I have tried replacing the k1s and k2s in the problem with the values used in the formula extrapolated from the butcher tableau, but nothing changed. I can't think of any other ways to tackle this issue.

Answer 1

The implicit system you have to solve is

k1 = f(y + h*(a11*k1 + a12*k2) )
k2 = f(y + h*(a21*k1 + a22*k2) )

This is also correct in your residual function errorFunc.

The naive way is just to iterate this system, like any other fixed-point iteration.

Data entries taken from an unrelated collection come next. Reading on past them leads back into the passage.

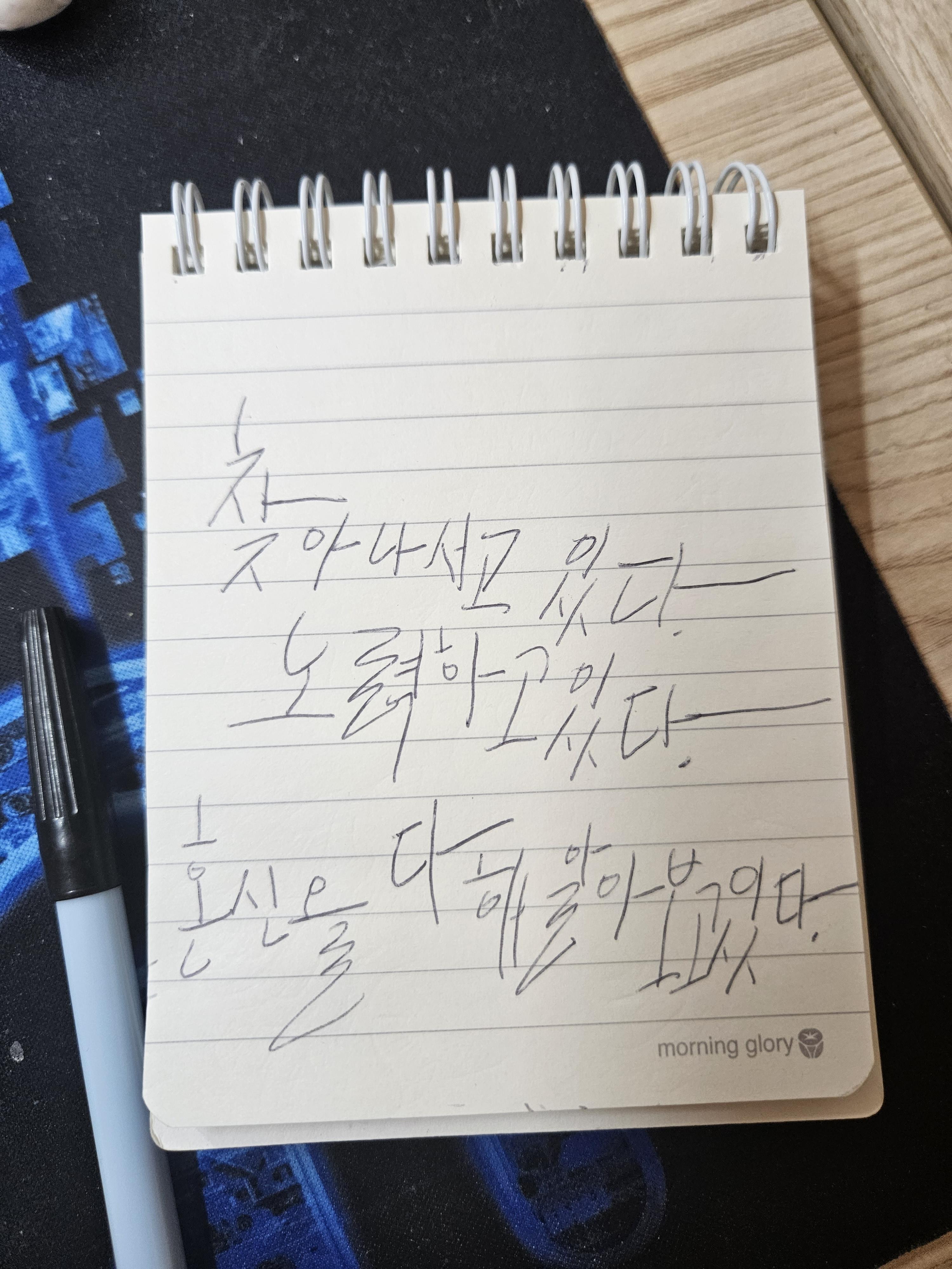 당시에 무슨 생각을 하며 제 수첩에 이런 글을 썼는지 진심 궁금해졌습니다.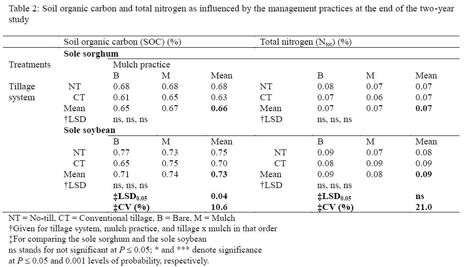 In either of the sorghum and the soybean fields, main effects of the tillage and mulch factors on SOC and Ntot were not significant. Sarno et al. (2004) also found no differences in SOC between NT and CT treatments in an acid soil in Indonesia. Although the present soil was not too acidic, the generally low SOC values suggest that the prevailing soil reaction was favourable for accelerated microbial decomposition of organic matter in the soil. Such a condition may not allow for any appreciable tillage-induced differences in SOC. Moreover, the 0-10 cm layer that was sampled in this study probably exceeded the depth limit of the effect of tillage on SOC for the soil. The impact of tillage system on SOC is usually confined within the very top-(0-5 cm) soil (Chatterjee and Lai, 2009; Lopez-Fando and Pardo, 2009). Chatterjee and Lai (2009) observed that beyond this layer, SOC concentrations under NT and CT indicated comparable values most of the time. The non-significant effect of tillage on Ntot could be due to the sandy nature of this soil (Buschiazzo et al, 1998). Similar observation has earlier been reported in the present site (Anikwe, 2000) and in southwestern Nigeria (Agbede and Ojeniyi, 2009). The present results regarding the effects of the NT and CT on SOC and Ntot are consistent with the findings from a five-year study in the semi-arid region of Tanzania (Shemdoe et al, 2009).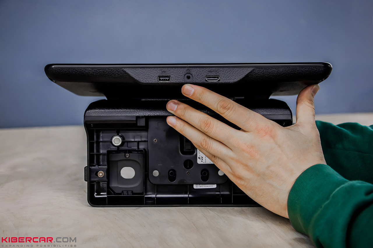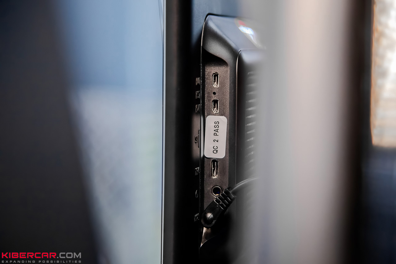 Пассажирские мониторы мы решили установить в штатные места. Они максимально органично вписались в салон, и выглядят как «родные». Но отличия от штатного оборудования существенные: размер больше, рамка тоньше. Новые мониторы съемные: при желании их можно легко потянуть на себя, и снять с креплений.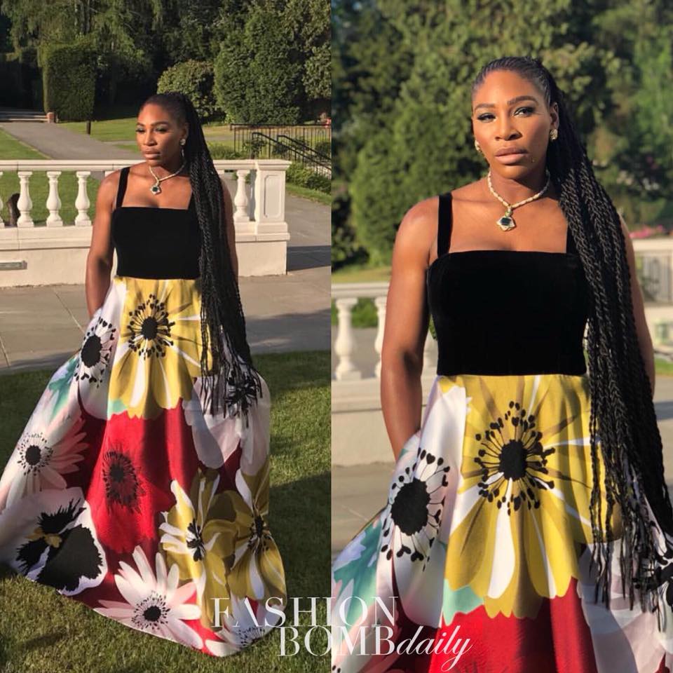Shortly after the lovely couple tied the knot at the castle, their guests gathered for a fab reception. Serena Williams was a stunner in a Maison Valentino gown designed with a vibrant floral bottom with pockets and a velvet top. Serena has been killing all of these ceremonial looks!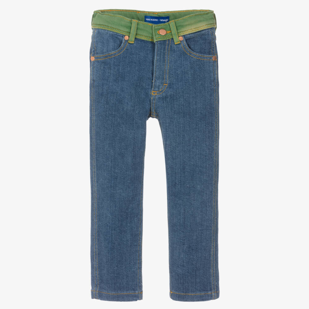 Super cool, these blue jeans for boys and girls by Mini Rodini are designed in collaboration with Wrangler and have a classic straight fit. Made from organic cotton, they have a green adjustable waistband and matching patch pockets on the back with a branded log patch. There are useful pockets on the front with copper rivet detailing, and a front zip and branded button fastening.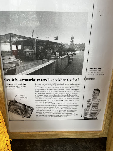 Eindelijk heeft iemand deze geweldig goede frietzaak toegevoegd!! Op een onverwachte plek en met een onverwachte kwaliteit maak je kennis met hun heerlijke top friet. Als frietliefhebber heb ik overal mijn adresjes, deze staat in de top van de lijst en wedijvert met De Frietfabriek, De Frietsteeg en Par Hasard in de regio. Vriendelijke eigenaren (volgens mij een echtpaar met hun (schoon)dochters) die op Amsterdamse wijze deze tent runnen. Echt een topadres en de moeite waard om er voor om te rijden. Nogmaals, je verwacht zulke overheerlijke friet niet voor de ingang van een Praxis maar ga en laat je verrassen! Hieronder een foto van een artikel uit Het Parool over deze top frietenbakker. Als ik al iets als aanbeveling zou willen meegeven dan is het wellicht dat er vegetarische snacks verkocht kunnen gaan worden, bijv...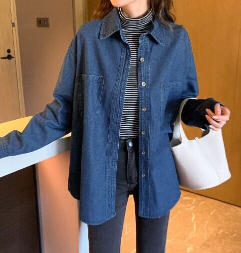 アウター デニム ジャケット デニムシャツ シャツ トップス スリム レイヤード レディース ポロ襟 無地 春 秋 冬 レギュラースリーブ ミディアム丈 前開き シングルブレスト 長袖 かわいい きれいめ ワイルド 大人可愛い おしゃれ 学生 通勤 通学 ママ マタニティ シンプル 個性的 ルーズ レトロ ポケット ボタン カジュアル キュートトレンディ デート お出かけ 休日 旅行 アウトドア スタイル 小さいサイズ 大きいサイズ ゆったり 新作 インスタ映え サイズ S M L XL 色展開 ブルー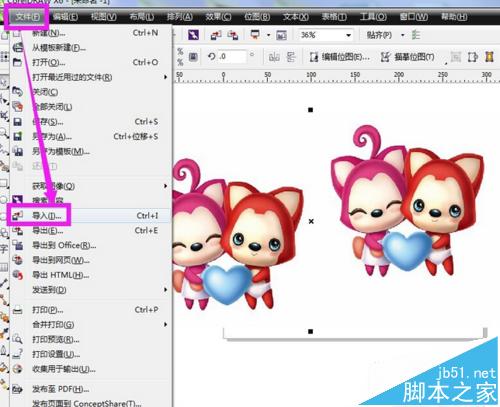 2、接著將這張白色底的,需要摳圖的圖片直接拖進(jìn)空白的文檔里,或者也可以通過“文件”下的“導(dǎo)入”來將圖片導(dǎo)入到空白的文檔里。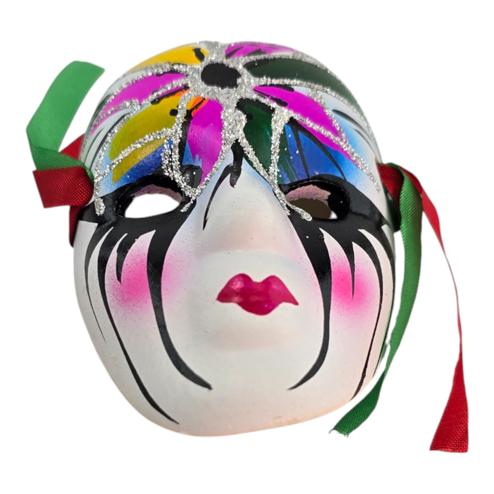 Миниатюрная венецианская маска для декора и тематических событий. Такие маски называют “венецианскими”, потому что именно в Венеции сложилась традиция карнавальных маскарадов: во время праздников маска скрывала лицо, помогала примерить новый образ и создавала атмосферу карнавала, театра и загадочности.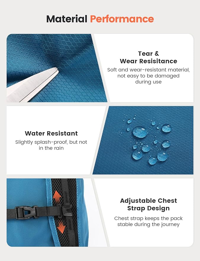 - ORGANIZED 16L DAYPACK: Suitable for long-term use, this packable backpack is made of abrasion-resistant nylon material, which can effectively resist the scratching of branches and stones, and the keys and other items placed in it are also safe, and all the seams are reinforced.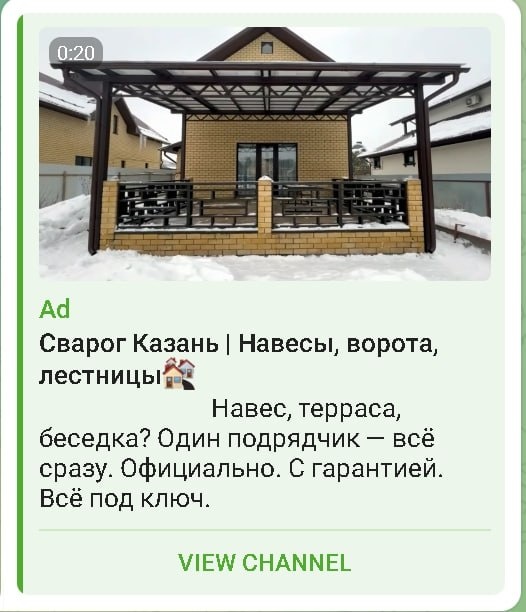 ⛏Кейс: Как мы привлекли 200+ подписчиков по цене 3,2€ в нише строительства через Telegram Ads Проект: «Сварог» — производственная компания из Казани, которая с 2015 года превращает металл в эстетику. Навесы, лестницы, ворота, заборы, перила, кованые элементы — всё под ключ: от замера до последнего самореза. 🖥 Что сделали — Настроили Telegram Ads с упором на геотаргетинг по Казани и РТ — Тестировали разные форматы креативов: от «до/после» до видеообзора проектов — Упор в тексте — на конкретику и доверие: Тестировали аудитории: — люди, интересующиеся строительством и ремонтом — владельцы частных домов и коттеджей — сегмент "дача/загородка" — локальные бизнесы (например, автомойки, кафе, шиномонтаж и т.д.) Результаты — 200 подписчиков из Казани и РТ — Стоимость подписчика — 3.2€, что отличный результат для строительной ниши — CTR: 1.5% 💲Выводы — Геотаргет в Telegram работает 🔥 — особенно если ниша офлайн и привязана к региону — Визуал сильно решает — лучше всего сработали фото/вид

This system has a linearization rel. h at the base point y

k1 = f(y) + h*f'(y)*(a11*k1 + a12*k2) + O(h^2)
k2 = f(y) + h*f'(y)*(a21*k1 + a22*k2) + O(h^2)

Seen as simple iteration, the contraction factor is O(h), so if h is small enough, the factor is smaller than 1 and thus convergence is sure, increasing the order of h in the residual by 1 in each step. So with 6 iterations the error in the implicit system is O(h^6), which is one order smaller than the local truncation error.

One can reduce the number of iterations if k1,k2 start with some higher-order estimates, not just with k1=k2=f(y).

---

One can reduce the right side residual by removing the terms that are linear in h (on both sides of course).

k1 - h*f'(y)*(a11*k1 + a12*k2) = f(y + h*(a11*k1 + a12*k2) ) - h*f'(y)*(a11*k1 + a12*k2)
k2 - h*f'(y)*(a21*k1 + a22*k2) = f(y + h*(a21*k1 + a22*k2) ) - h*f'(y)*(a21*k1 + a22*k2)

The right side is evaluated at the current values, the left side is a linear system for the new values. So

K = K - solve(M, rhs)

with
K = [ k1; k2]

M = [  1 - h*f'(y)*a11, -h*f'(y)*a12 ;  -h*f'(y)*a21, 1 - h*f'(y)*a22  ]
  = I - h*f'(y)*A

rhs = [ k1 - f(y + h*(a11*k1 + a12*k2) ); k2 - f(y + h*(a12*k1 + a12*k2) )
    = K - f(Y)

where 

Y = y+h*A*K

This should, probably, work for scalar equations, for systems this involves Kronecker products of matrices and vectors.

As the linear part is taken out of the residual, the contraction factor in this new fixed-point iteration is O(h^2), possibly with smaller constants, so it converges faster and, it has been argued, for larger step sizes.

What you have in the code regarding the implicit method step shows the steps of the algorithm in the right order, but with wrong arguments in the function calls.

What you do with h is not recognizable. One could guess that the task is to explore the results of the method for a collection of step sizes. This means that the h for each integration run is constant, halving the step size and increasing the step number for the next integration run.